**WORK TO COMPLETE**
Your answer should be an exact copy of the lines from the one holding "6-dílná luxusní pánská" to the end of the material below, pictures left out.

**INFORMATION SUPPLIED**

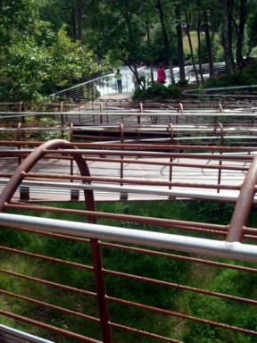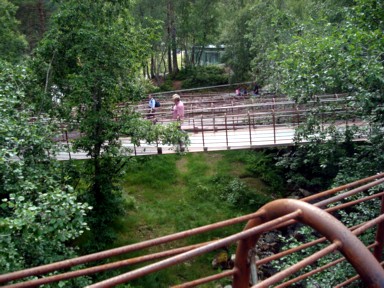 que han puesto un sistema de pasarelas y puentes por encima del río y las
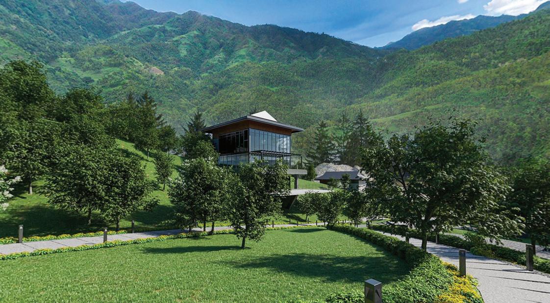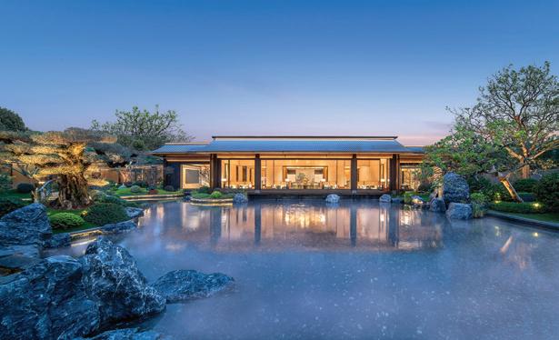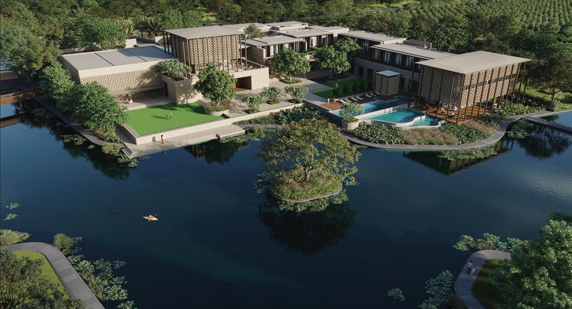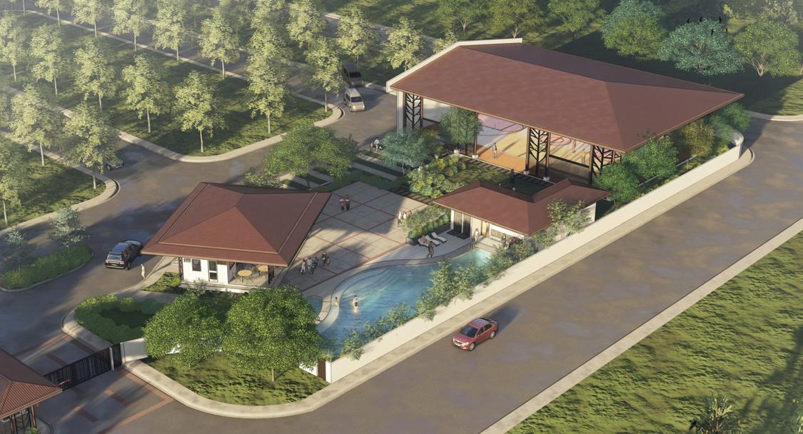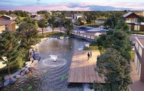 The township embraces forest-scapes with wellness amenities, complemented by riverside walks, a waterfront resort area, stepping-stone pathways, gardens, parks, and an onsen.
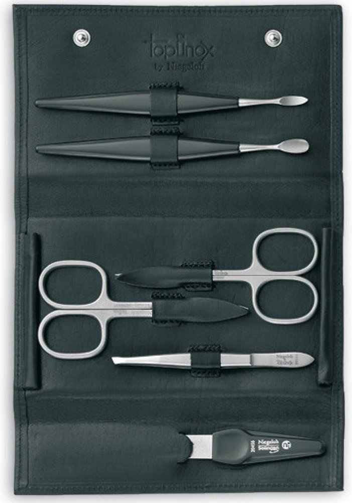 6-dílná luxusní pánská manikúraNástroje topInox ® kovaná nerezová ocel - matné provedeníPouzdro černé barvy z měkké kůže Jednoduché zavírání na patentkySada obsahuje: manikúrní nůžky na nehty, manikúrní nůžky na kůžičku, safírový pilník na nehty, pinzetu, manikúrový nástroj "tlačka", manikúrový nástroj "špička"
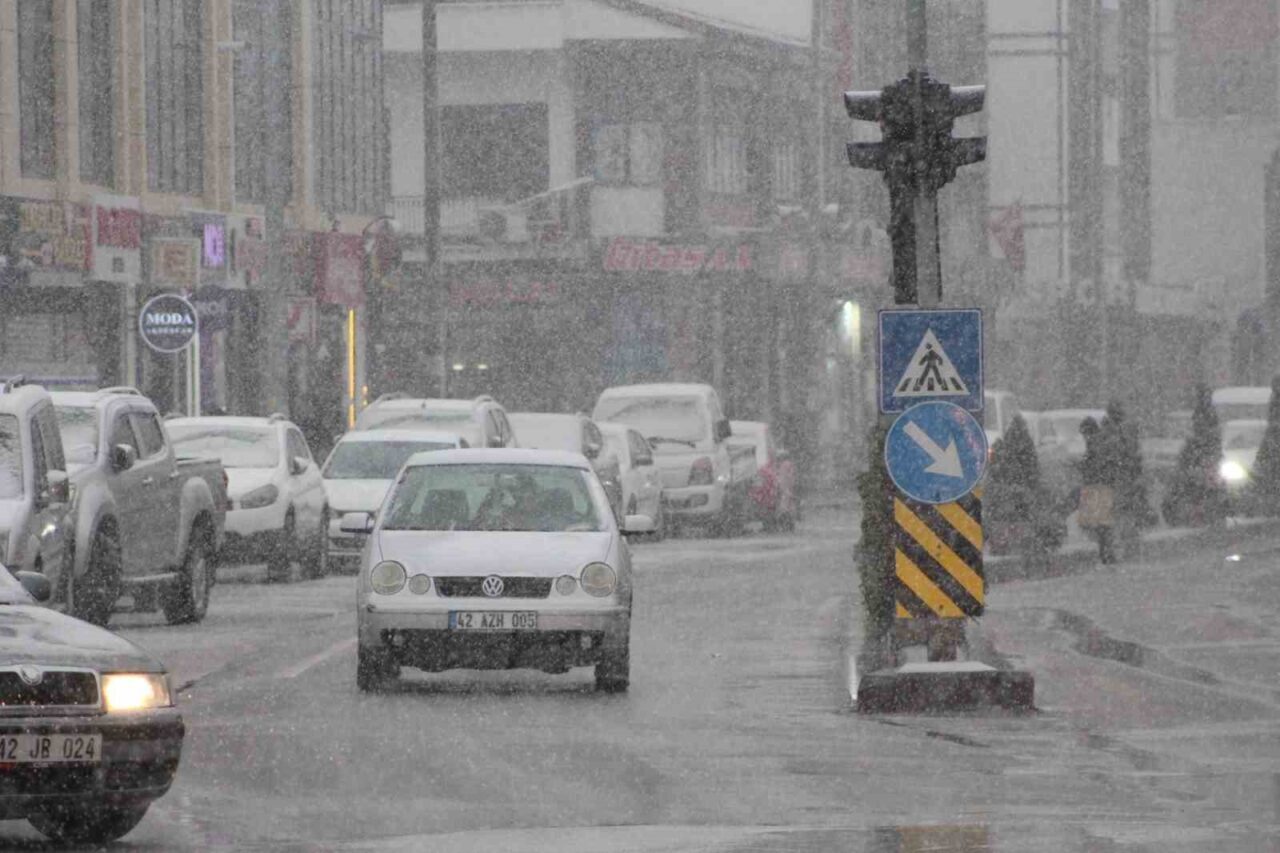 Karapınar’da yılın son günü başlayan kar yağışı, ilçeyi beyaz örtüyle kapladı.

**RESPONSE TO THE TASK**
 6-dílná luxusní pánská manikúraNástroje topInox ® kovaná nerezová ocel - matné provedeníPouzdro černé barvy z měkké kůže Jednoduché zavírání na patentkySada obsahuje: manikúrní nůžky na nehty, manikúrní nůžky na kůžičku, safírový pilník na nehty, pinzetu, manikúrový nástroj "tlačka", manikúrový nástroj "špička"
 Karapınar’da yılın son günü başlayan kar yağışı, ilçeyi beyaz örtüyle kapladı.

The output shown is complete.